- 10 Marks
FM – L2 – Q107 – Inventory Management
Question
Kweku Ltd, a manufacturer of groundnut paste, is evaluating whether to continue with its economic order quantity (EOQ) or accept a special order from a foreign supplier for groundnut purchases. The relevant financial data is provided below:
| Description | Value |
|---|---|
| Purchase price per bag of groundnut | GH¢360 |
| Holding cost per annum (10% of the cost of a bag of groundnut) | GH¢36 |
| Ordering cost per order | GH¢7.70 |
| Annual demand of groundnut paste | 6,240 bags |
| Normal usage per month | 520 bags |
| Minimum usage per month | Not specified |
| Maximum usage | Not specified |
Required:
The foreign supplier offers an 8% reduction in the price per bag of groundnut if Kweku Ltd orders 3,000 bags each time. Advise Kweku Ltd on whether to accept the supplier’s offer.
Answer
Economic order quantity = √((2 × (520 × 12) × 7.70) / (10% × 360))
EOQ = √(96,096 / 36) = 51.67 bags = 52 bags
Total material cost using EOQ as orders
Total cost = Purchase cost + Ordering cost + Holding cost
= (520 × 12 × 360) + (6,240 / 52 × 7.7) + (52 / 2 × 10% × 360)
= 2,246,400 + 924 + 936
= GH¢2,248,260.00
Total material cost if foreign supplier’s offer is accepted.

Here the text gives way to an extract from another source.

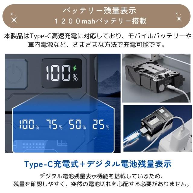 最先端のTYPE-C充電式バッテリーを採用し、効率的な充電が可能です。電池交換の手間が不要で、USB-Cケーブルさえあれば簡単に充電できます。フル充電で長時間の使用が可能なため、緊急時や長時間の作業にも安心です。

Total Cost = Purchase cost + Ordering cost + Holding cost
= (6,240 × 92% × 360) + (6,240 / 3,000 × 7.7) + (3,000 / 2 × 92% × 10% × 360)
= 2,066,688 + 16.02 + 49,680
= GH¢2,116,384.02
Decision
It is advisable to accept the order from the foreign supplier because GH¢131,875.98 (GH¢2,248,260.00 − GH¢2,116,384.02) would be saved.